Pomorze Potęgowo doznało pogromu w Kołobrzegu z tamtejszą Kotwicą, aż 6-0 (2-0). Kołobrzeżanie tym samym srogo zrewanżowali się naszej drużynie za jesienną porażkę 3-0, natomiast Pomorze przy "czarnym" scenariuszu wyników może spaść nawet na 11-miejsce w tabeli.
więcej w tle...
Kotwica wzięła srogi rewanż na Pomorzu za jesienną porażkę 0:3 w Potęgowie i wysokim zwycięstwem otworzyła XXIII kolejkę zmagań III ligi. To była czwarta porażka Pomorza w sześciu ostatnich grach. W połączeniu ze strajkiem przed runda wiosenną i słaba grą zaczyna wyglądać to niepokojąco. Gospodarze pierwsze trafienie zaliczyli po skutecznym uderzeniu z rzutu karnego. To pozwoliło na rozluźnienie szeregów Pomorza w defensywie, goście w tym momencie nie mieli już przecież czego bronić. To jednak także wpłynęło na szybkich napastników Kotwicy, którzy mieli więcej miejsca i mogli w łatwiejszy sposób przeprowadzać swoje ataki. Kołobrzeżanie sprawili wrażenie o dwie klasy lepszych niż Pomorze, wyglądali na tle rywala zdecydowanie lepiej. Goście z trudem torowali sobie drogę na połowę Kotwicy, ale nie potrafili tak naprawdę zagrozić golkiperowi gospodarzy. Lider wygrał zasłużenie, sam Krzysztof Biegański miał kilkakolejnych okazji do zdobycia następnych bramek.
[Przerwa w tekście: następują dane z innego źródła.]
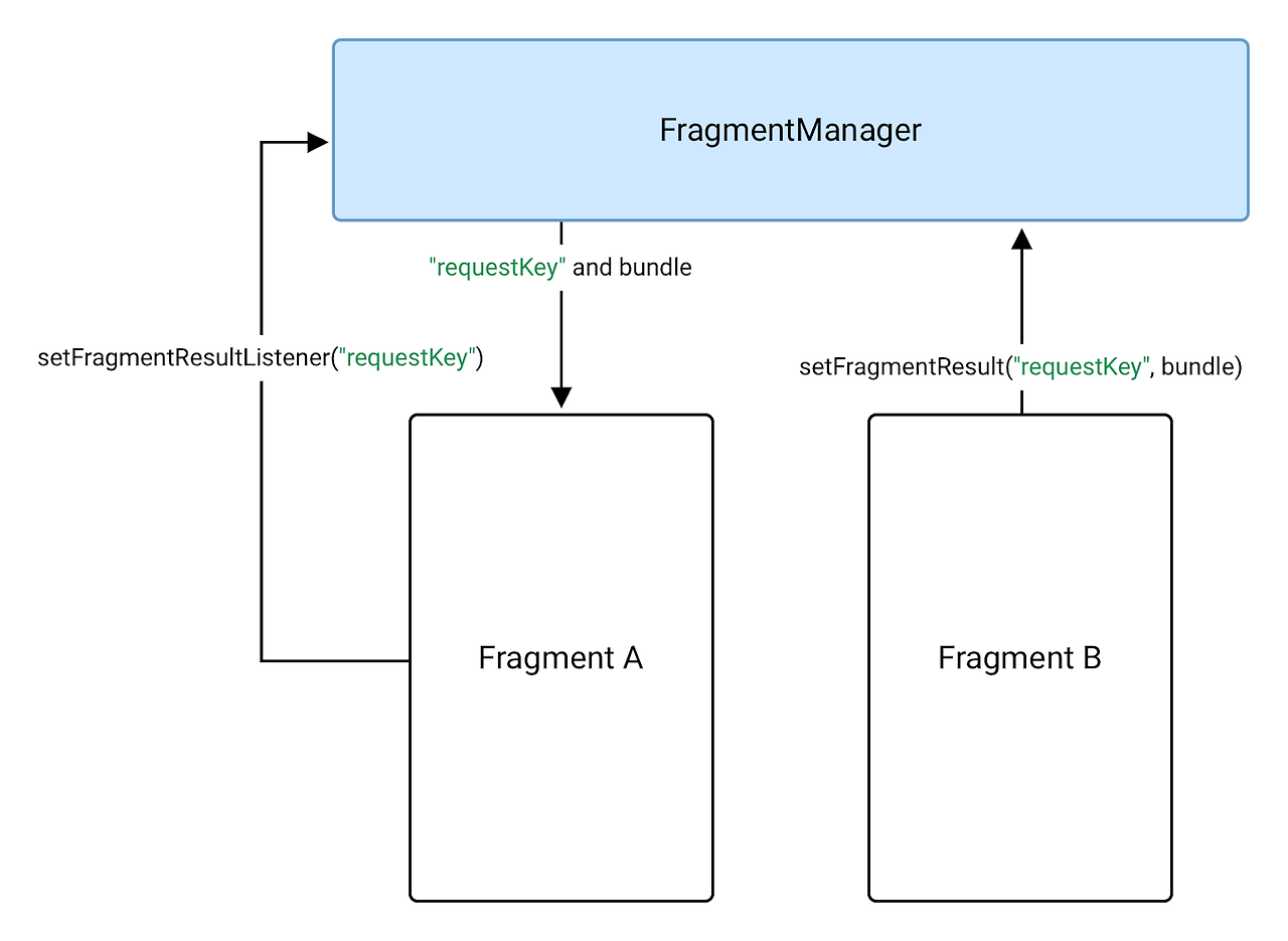setFragmentResult("requestKey", bundleOf("bundleKey" to result))

Gracze z Potęgowa mogą dziękować, że spotkanie skończyło się tak niskim wynikiem.
Kotwica Kołobrzeg – Pomorze Potęgowo 6:0 (2:0). Bramki: 1:0 Tomasz Rydzak (rzut karny – 25), 2:0 Rydzak (36), 3:0 Krzysztof Biegański (52), 4:0 Patryk Pietras (64), 5:0 Biegański (78), 6:0 Patryk Skórecki (90). Pomorze: Kotłowski, Pionk, Bukowski, Kleser, Roeske, Siarnecki (46 Kwaśnik – ż.k.), Solczak, Cieślik (70 Pietrzyk), M. Mikołajczyk (46 Iwański), D. Mikołajczyk, Patyk - ż.k.
źr. gp24pl
Pierwszą groźną okazję kołobrzeżanie stworzyli sobie w 6 minucie. Z prawej strony dośrodkował Tomasz Rydzak, a po uderzeniu głową Damiana Kupisza bramkarz gości odbił piłkę na słupek. W 22 minucie znów dośrodkowywał Rydzak, tym razem z rzutu rożnego, ale główkujący w polu karnym Paweł Szutenberg przerzucił piłkę nad bramką. Dwie minuty później strzał Kupisza ręką zatrzymał jeden z obrońców, a rzut karny pewnie wykorzystał Rydzak, otwierając wynik meczu.
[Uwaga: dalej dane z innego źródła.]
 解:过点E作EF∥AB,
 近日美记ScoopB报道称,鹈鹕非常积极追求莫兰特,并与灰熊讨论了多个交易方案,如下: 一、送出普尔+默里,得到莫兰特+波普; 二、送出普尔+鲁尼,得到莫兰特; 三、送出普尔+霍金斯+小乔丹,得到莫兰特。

Kilkadziesiąt sekund później powinno być 2:0, po szybkim kontrataku znów w roli dogrywającego wystąpił Rydzak, ale z pięciu metrów do bramki nie trafił Krzysztof Biegański. Co nie udało się w 26 minucie udało się w 36. Biegański dośrodkował wzdłuż linii końcowej z lewej strony, a z najbliższej odległości piłkę do bramki wcisnął Tomasz Rydzak. Chwilę później w niemal kopii akcji Biegański obsłużył wbiegającego w pole karne Kupisza, ale ten zbyt długo zwlekał z oddaniem strzału i nic z tej okazji nie wyszło. 42 minuta to kolejna okazja Kupisza, który po wrzutce Rydzaka i zgraniu piłki głową przez Daniela Kokosińskiego trafił w poprzeczkę. Jeszcze przed gwizdkiem kończącym pierwszą połowę Biegański znalazł się sam na sam z bramkarzem Pomorza, i choć przegrał z nim pojedynek to końcówką buta zdołał odegrać do Kupisza, a ten do Rydzaka, który jednak strzelił niecelnie.
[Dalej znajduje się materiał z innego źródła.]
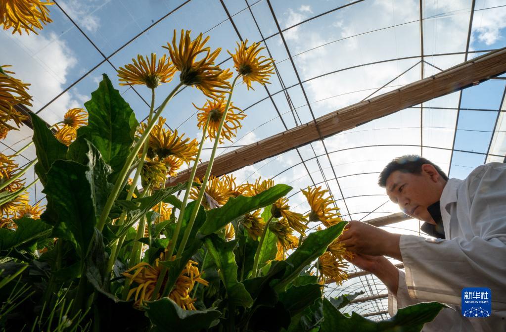 云南錦科花卉工程研究中心技術(shù)人員王江兵在觀(guān)測非洲菊新品種(4月3日攝)。

Po przerwie trwał napór Kotwicy, choć goście także mieli swoje okazje, głównie po rzutach rożnych. To jednak Kotwica strzelała bramki. Na 3:0 podwyższył Biegański, skutecznie wykonując rzut wolny po faulu na Skóreckim. Pięć minut później Rydzak wyłożył piłkę na szósty metr Patrykowi Pietrasowi, ale ten nie trafił bramkę. Skuteczniejszy był w 64 minucie po wrzutce Cebulskiego, gdy ładnym strzałem z woleja umieścił piłkę w siatce. Prowadząc 4:0 w grę Kotwicy wkradło się trochę nonszalancji i zawodnicy Pomorza zdołali parę razy zbliżyć się do bramki Cezarego Szybki, jednak bez większego zagrożenia.
Kotwica z kolei nie poprzestała na czterech golach. W 78 minucie w sytuacji sam na sam Biegański spokojnie minął Karola Kotłowskiego i umieścił piłkę w pustej siatce, a w ostatniej minucie asystę Rydzaka na bramkę zamienił Patryk Skórecki. Chwilę wcześniej w doskonałej sytuacji oko w oko z Kotłowskim znalazł się Daniel Popiołek, ale minimalnie chybił.